## DATA TO USE
☆ ☆ ☆ ☆ ☆ ☆ ☆
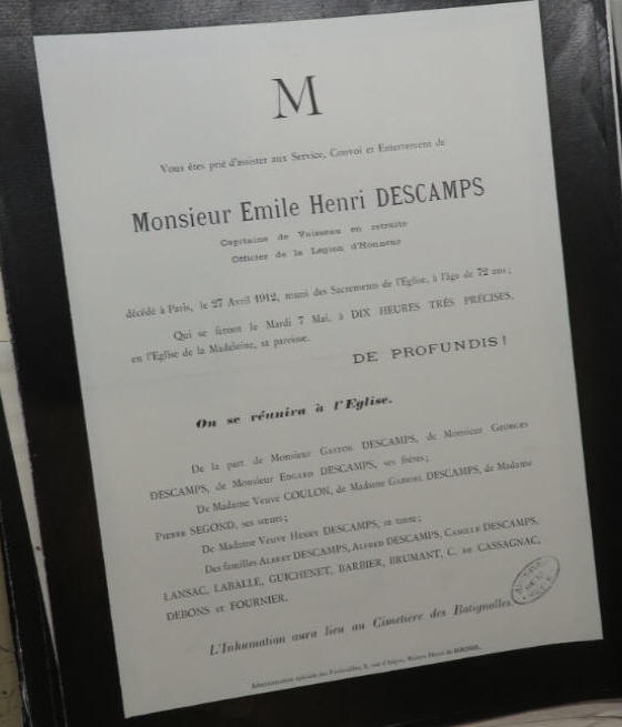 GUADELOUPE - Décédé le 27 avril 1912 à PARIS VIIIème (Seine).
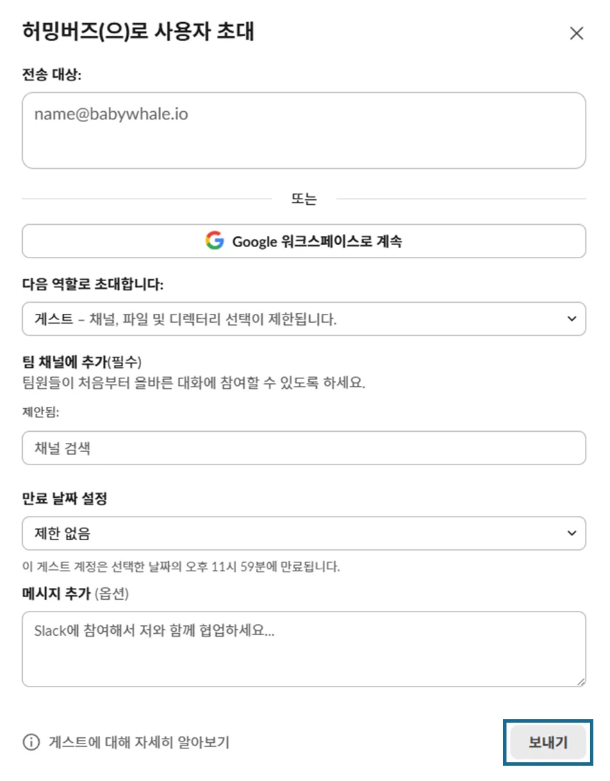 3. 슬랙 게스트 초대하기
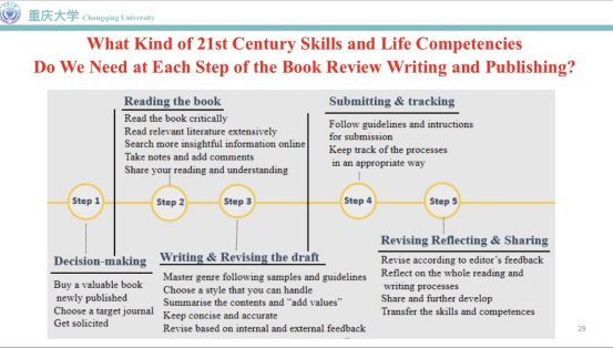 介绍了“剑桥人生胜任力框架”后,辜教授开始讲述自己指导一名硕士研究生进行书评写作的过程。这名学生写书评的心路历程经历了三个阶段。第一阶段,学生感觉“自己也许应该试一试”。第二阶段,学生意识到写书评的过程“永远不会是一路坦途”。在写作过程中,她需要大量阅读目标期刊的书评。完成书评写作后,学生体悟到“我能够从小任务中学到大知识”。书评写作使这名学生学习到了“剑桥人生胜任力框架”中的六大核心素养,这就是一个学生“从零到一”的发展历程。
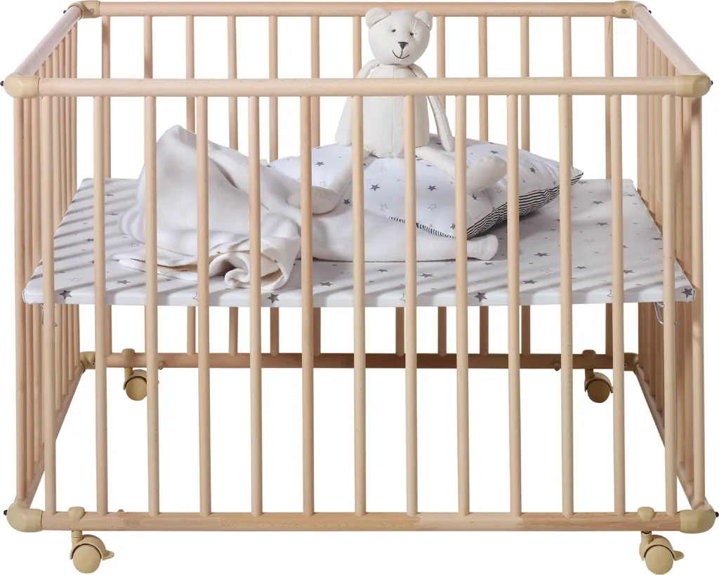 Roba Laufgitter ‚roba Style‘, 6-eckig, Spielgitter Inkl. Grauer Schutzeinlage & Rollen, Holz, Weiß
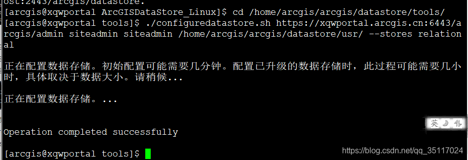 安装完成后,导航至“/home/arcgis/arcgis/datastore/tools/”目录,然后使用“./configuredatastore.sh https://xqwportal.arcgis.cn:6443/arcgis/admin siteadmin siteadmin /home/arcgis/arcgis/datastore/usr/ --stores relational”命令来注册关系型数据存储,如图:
☆ ☆ ☆ ☆ ☆ ☆ ☆
## YOUR TASK
Nothing but the lines from the one holding "Roba Laufgitter ‚roba" through the last line of the listing should appear in the answer, copied exactly and without pictures.

## SOLUTION TO THIS PROBLEM
 Roba Laufgitter ‚roba Style‘, 6-eckig, Spielgitter Inkl. Grauer Schutzeinlage & Rollen, Holz, Weiß
 安装完成后,导航至“/home/arcgis/arcgis/datastore/tools/”目录,然后使用“./configuredatastore.sh https://xqwportal.arcgis.cn:6443/arcgis/admin siteadmin siteadmin /home/arcgis/arcgis/datastore/usr/ --stores relational”命令来注册关系型数据存储,如图:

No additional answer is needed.